Platform diagnostics (ppc64-diag)

Platform diagnostics report firmware events, provide an automated response mechanism to urgent events, and provide event notifications to system administrators and service frameworks.

The utilities described here are supported in the following Linux® distributions and virtualized environments:
Table 1. Support for ppc64-diag utilities
Utility PowerVM® partition on any level of Power® processor
rtas_errd All current versions of the following distributions:
  • Red Hat® Enterprise Linux
  • SUSE Linux Enterprise Server
opal_errd Not applicable
opal-elog-parse Not applicable
opal-dump-parse Not applicable
diag_encl All current versions of the following distributions:
  • Red Hat Enterprise Linux
  • SUSE Linux Enterprise Server
encl_led All current versions of the following distributions:
  • Red Hat Enterprise Linux
  • SUSE Linux Enterprise Server
usysident All current versions of the following distributions:
  • Red Hat Enterprise Linux
  • SUSE Linux Enterprise Server
usysattn All current versions of the following distributions:
  • Red Hat Enterprise Linux
  • SUSE Linux Enterprise Server
ppc64-diag Error Log Analyzer (ELA) All current versions of the following distributions:
  • Red Hat Enterprise Linux
  • SUSE Linux Enterprise Server
diag_nvme All current versions of the following distributions:
  • Red Hat Enterprise Linux 9.2, or any subsequent RHEL 9.x releases
  • SUSE Linux Enterprise Server (SLES) 15 SP5, or any subsequent SLES 15 updates
  • Limited to IBM® Power10 processor-based systems, or later

For Linux distributions currently supported on Power systems, see Linux on Power overview.

Platform diagnostics for systems using PowerVM virtualization

The platform diagnostics rtas_errd daemon logs platform events that are detected by firmware to servicelog. Platform events are also known as RTAS events. The rtas_errd daemon might also take more action on certain types of events, such as failures of fans or power supplies. It is configured to start automatically when Linux boots.

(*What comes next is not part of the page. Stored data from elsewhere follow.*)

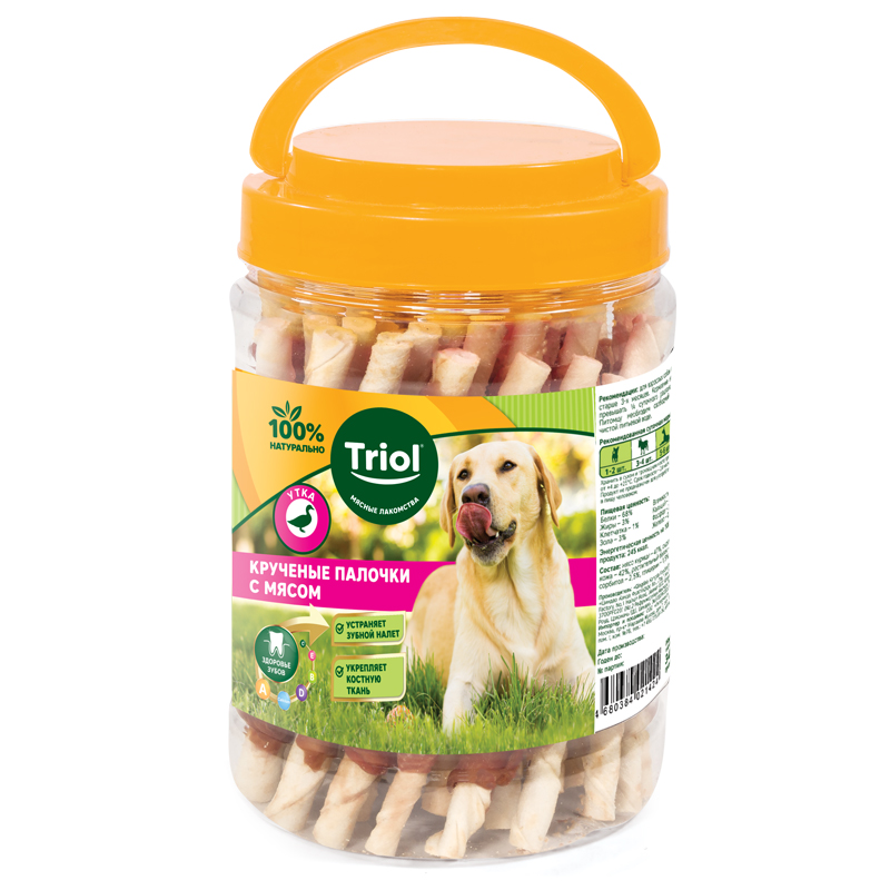 Крученые палочки с уткой для собак, 340г (банка), Triol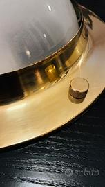 Il modello LSP6 “Tommy” rappresenta uno degli esempi più eleganti del design italiano Mid-Century Modern, caratterizzato da una struttura in ottone dorato e da un raffinato paralume in vetro soffiato.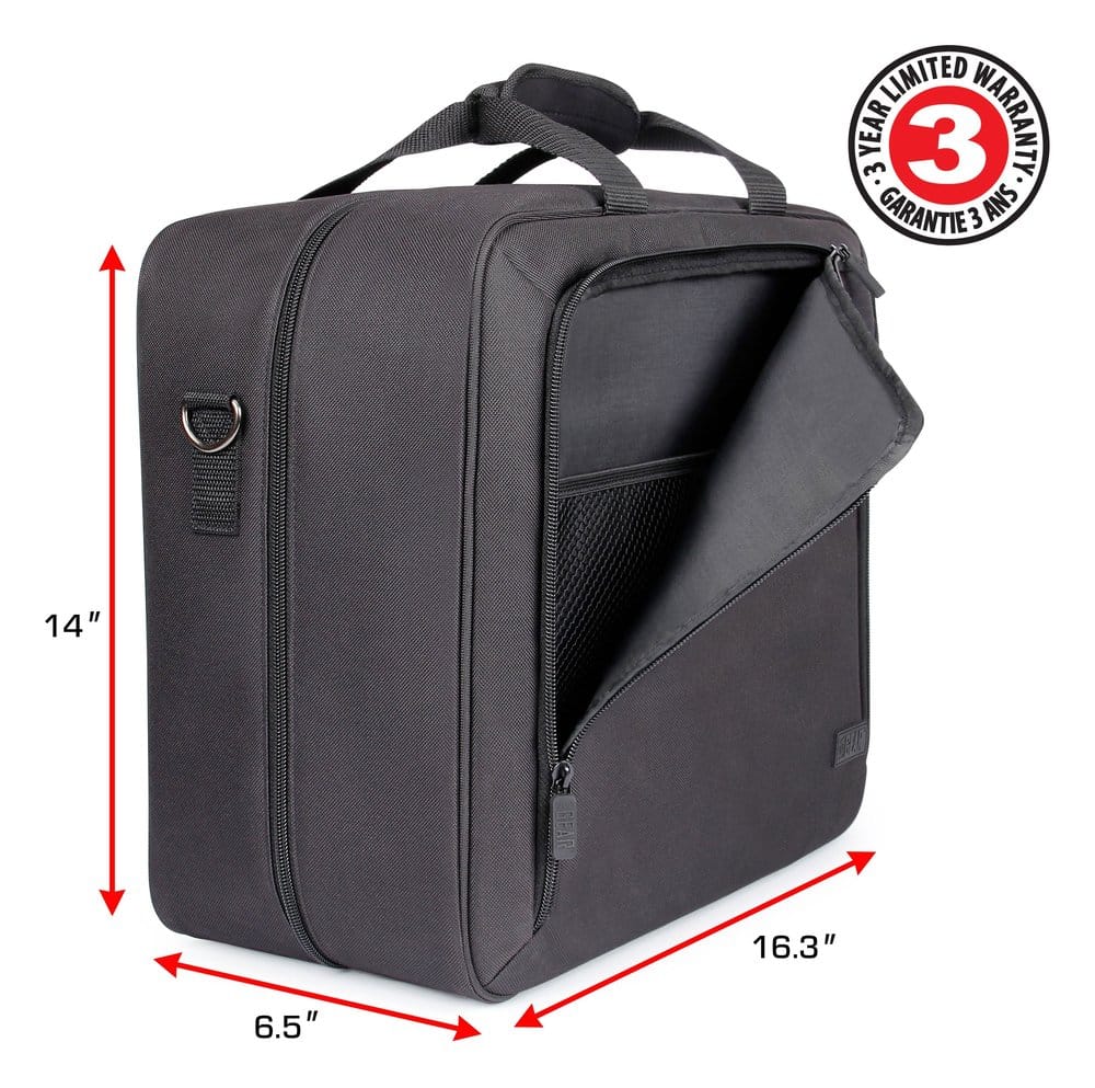 43,2 cm x 35,6 cm x 20,3 cmThe USA Gear S23 travel case offers customizable, unparalleled protection for your Xbox console and accessories. – Padded, scratch-resistant interior with bi-fold design – Customizable compartments for headsets, cables, games, and controllers – Two security straps to hold the console in place – Durable, water-resistant RipStop nylon exterior – Heavy-duty carrying handle and removable shoulder strap – External Dimensions: 43,2 cm x 35,6 cm x 20,3 cm- Interior Dimensions: 40,6 x 31,7 x 19,7 cm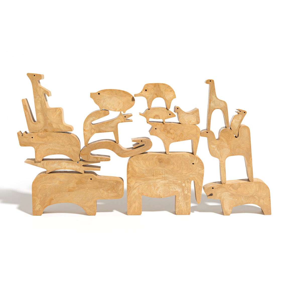16 ცხოველის ფორმისგან შემდგარი ფაზლი, რომელიც დიზაინერის ძალიან ცნობილი ნამუშევარია, 16 სხვადასხვა ცხოველის ფორმის ფიგურებისგან შედგება, რომელიც ერთი უწყვეტი ხაზით არის ამოჭრილი ხის დაფისგან.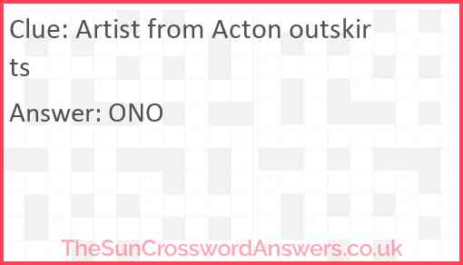 Artist from Acton outskirts is a crossword clue for which we have 1 possible answer and we have spotted 1 times in our database. This crossword clue was last seen on 24 May 2020 in The Sun Cryptic Crossword puzzle!
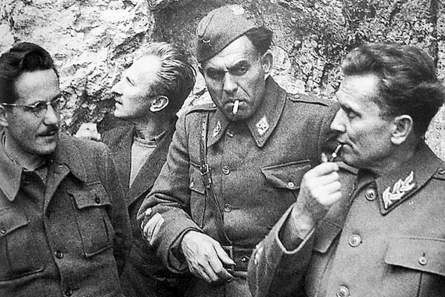 Edvard Kardelj, a sinistra, e Jozip Broz Tito, a destra, durante la Seconda guerra mondiale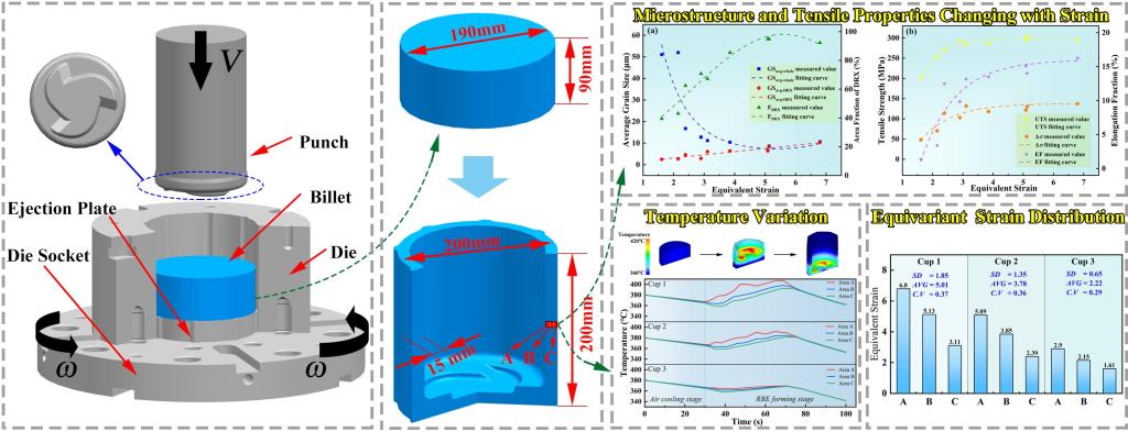 张治民教授团队,针对航空航天和国防军工装备用轻合金舱体各向异性大的痛点,提出了旋转挤压成形新技术,有限元模拟结合物理实验,精确设计与控制成形件的温度场及应变场,在自主研发的国内外首台多向加载旋转挤压机上,加工出弱各向异性镁合金舱体。成果报道于制造领域顶刊《Journal of Materials Processing Technology》(链接://doi.org/10.1016/j.jmatprotec.2023.118081)。免费av影片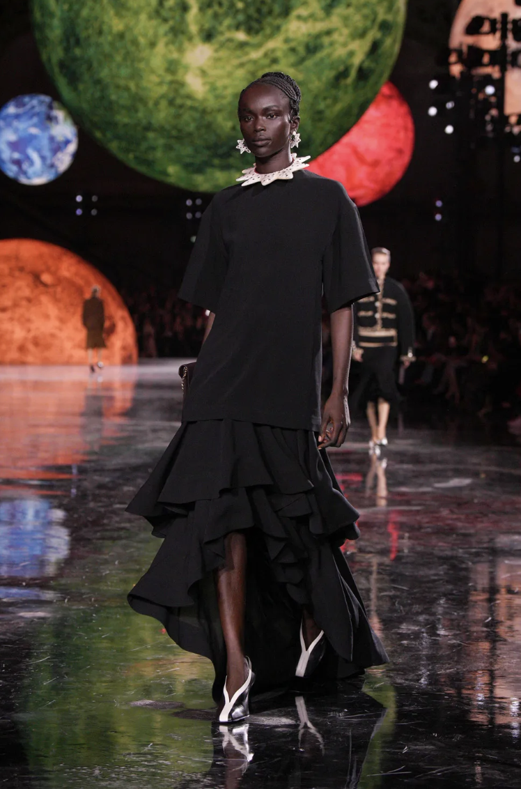 El concepto detrás de la colección es claramente universal: todos observamos el mismo cielo, y, según Blazy, esa vista provoca una emoción común en cada uno de nosotros. Esta propuesta transciende lo físico y se convierte en una experiencia emocional y visual, donde la conexión con lo etéreo y lo sublime es palpable.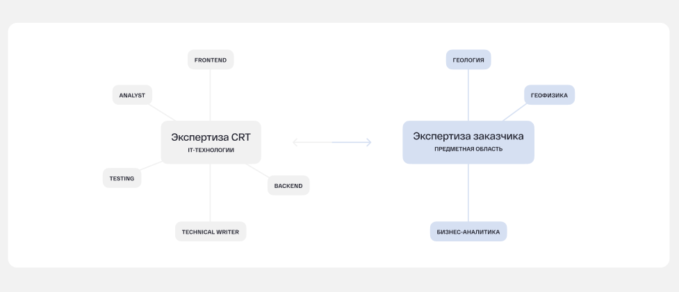 Мы работаем в большой команде и делаем общее дело для развития нефтяной промышленности РФ. На нашей стороне экспертиза по IT-технологиям (frontend, backend, analyst, technical writer), на стороне клиента – поддержка проектов по предметной области (геология, геофизика, бизнес-аналитика).

Platform diagnostics commands and the rtas_errd daemon are provided by the ppc64-diag package. The commands that are typically included are:

explain_syslog
Read a file (or stdin) that is in the format that is produced by the syslogd daemon, and print an explanation for each line that matches a message in the /etc/ppc64-diag/message_catalog message catalog. The explanations include probable cause and recommended action. If run with the -M flag, the command reads from the /var/log/messages file. For example:
explain_syslog -M
syslog_to_svclog
Read a file (or stdin) that is in the format that is produced by the syslogd daemon, and log an event to the servicelog database for each line that matches a message in the /etc/ppc64-diag/message_catalog message catalog. It is not automatically started when Linux boots. If run in the background with the -M flag, it continuously monitors the /var/log/messages file. For example:
syslog_to_svclog -M &
usysident
Use this utility to operate device identification, or to view and modify system identification indicators. This utility was previously in the powerpc-utils package, and now resides in the ppc64-diag package as of SUSE Linux Enterprise Server 11 SP3.
usysattn
If you run the usysattn utility without arguments, the system prints a list of all of the attention indicators on the system along with their current status (on or off). This utility was previously in the powerpc-utils package, and now resides in the ppc64-diag package as of SUSE Linux Enterprise Server 11 SP3.

Enclosure diagnostics (diag_encl)

As of SUSE Linux Enterprise Server 11 SP3, you can use additional options to diagnose problems on the 5888 PCIe storage enclosure. The diag_encl utility is contained in the ppc64-diag package.

The diag_encl utility can be run as part of a Linux CRON job (recommended), or run independently. For more information on setting up a CRON job, including the diag_encl utility, see Connecting and configuring the disk drive enclosure in a system running Linux (http://www.ibm.com/support/knowledgecenter/POWER7®/p7ham/scsidiskdriveenclosurelinux.htm).

Run the following command to access enclosure diagnostics as part of a CRON job:

:/usr/sbin/diag_encl -scl

Options for the diag_encl utility include the following:
  • -h: Print this help message.
  • -s: Generate serviceable events for any failures and write events to the service log.
  • -c: Compare with previous status and report only new failures.
  • -l: Turn on fault LEDs for serviceable events.
  • -v: Verbose output.
  • -V: Print the version of the command and exit.
  • -f: For testing, read SCSI enclosure services (SES) data from path.pg2 and VPD from path.vpd.
  • <scsi_enclosure>: The SCSI generic (sg) device on which to operate, such as sg7. If you do not specify a device, all such devices are diagnosed.

For more information, see the 5888 PCIe storage enclosure topic (http://www.ibm.com/support/knowledgecenter/POWER7/p7ham/p7ham_5888_kickoff.htm).

Note: You can also use the diag_encl utility on the IBM TotalStorage™ EXP24 Ultra320 SCSI Expandable Storage Disk Enclosure (7031).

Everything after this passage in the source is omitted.